In the following days, having carried out reconnaissance along the Kherson-Nikolaev railway line, Babanin obtained important information about the enemy.

On the night of 13 March, the reconnaissance guards of Captain Babanin secretly made their way through the enemy's defensive line and reached the eastern bank of the Inhulets south of the village of Nikolskoye. With a sudden and daring attack, they captured boats and ferries, overtook them to the opposite bank to their own. As part of the advance detachment of the brigade, Babanin broke into the northern part of Kherson.

In total, for the period from 10 March to 15 March 1944, the scouts under the command of Babanin continuously supplied the command with valuable information, captured 13 "languages", exterminated more than two hundred Nazis.

He was awarded the title of Hero of the Soviet Union for his participation in the crossing of the Dnieper in the Kakhovka region near the village of Dremaylovka, Berislavsky district, Kherson region. Babanin received an order from the corps commander to cross the Dnieper, seize the language there and, if possible, gain a foothold on the right bank.

By decree of the Presidium of the Supreme Soviet of the Soviet Union of 3 June 1944, for courage, bravery and heroism shown in the fight against the Nazi invaders, Guard Captain Babanin was awarded the title of Hero of the Soviet Union with the Order of Lenin and the Gold Star medal (No. 3875).

Later he participated in the liberation of Hungary, Austria, Czechoslovakia.

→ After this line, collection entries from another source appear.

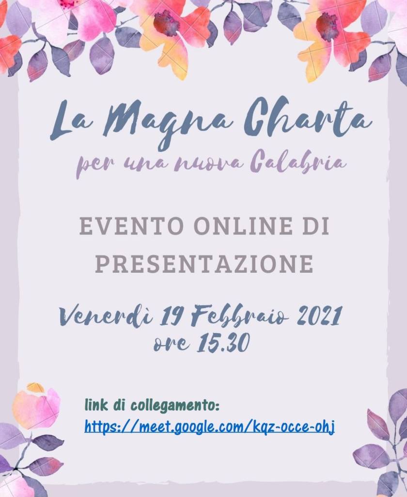 È indetta per venerdì 19 febbraio 2021, alle ore 15.30, la Conferenza stampa di presentazione del Manifesto “La Magna Charta per una nuova Calabria” che si svolgerà sulla piattaforma Google Meet al link di accesso: https://meet.google.com/kqz-occe-ohj .
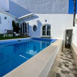Out to the very private pool courtyard with plenty of space for loungers and a built bench for seating , the pool is 4 meters by 5 and has waterfall feature at one end , the pool pump is located below the patio area and accessed via a hatch in the floor of the patio .
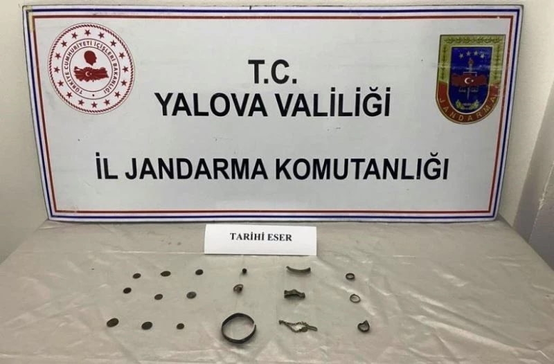 Yalova’nın Altınova ilçesinde jandarmanın şüpheli görüp durduğu bir kişinin üzerinden tarihi eser niteliği taşıyan eşyalar ele geçirdi.

After the war he continued to serve in the army. In 1949 he graduated from the Higher Armored Officer School. In 1957, Colonel Babanin was in the reserve. He lived in Minsk, worked as a military instructor at secondary school No. 118. He died on 11 May 1990.

==Awards==
- Medal "Gold Star" of the Hero of the Soviet Union (No. 3875)
- Order of Lenin
- Order of Kutuzov III degree
- Order of the Patriotic War, 1st class
- Order of the Patriotic War II degree
- Three Orders of the Red Star
- Medals including:
- Medal "For the Victory over Germany in the Great Patriotic War 1941-1945"
- Jubilee Medal "Twenty Years of Victory in the Great Patriotic War 1941-1945"
- Jubilee Medal "Thirty Years of Victory in the Great Patriotic War 1941-1945"
- Jubilee Medal "Forty Years of Victory in the Great Patriotic War 1941-1945"

==Literature==
- Heroes of the Soviet Union: A Brief Biographical Dictionary / Prev. ed. Collegium I. N. Shkadov. - M .: Military Publishing, 1987. - T. 1 / Abaev - Lyubichev /. — 911 p. — 100,000 copies. — ISBN ots., Reg. No. in RCP 87–95382.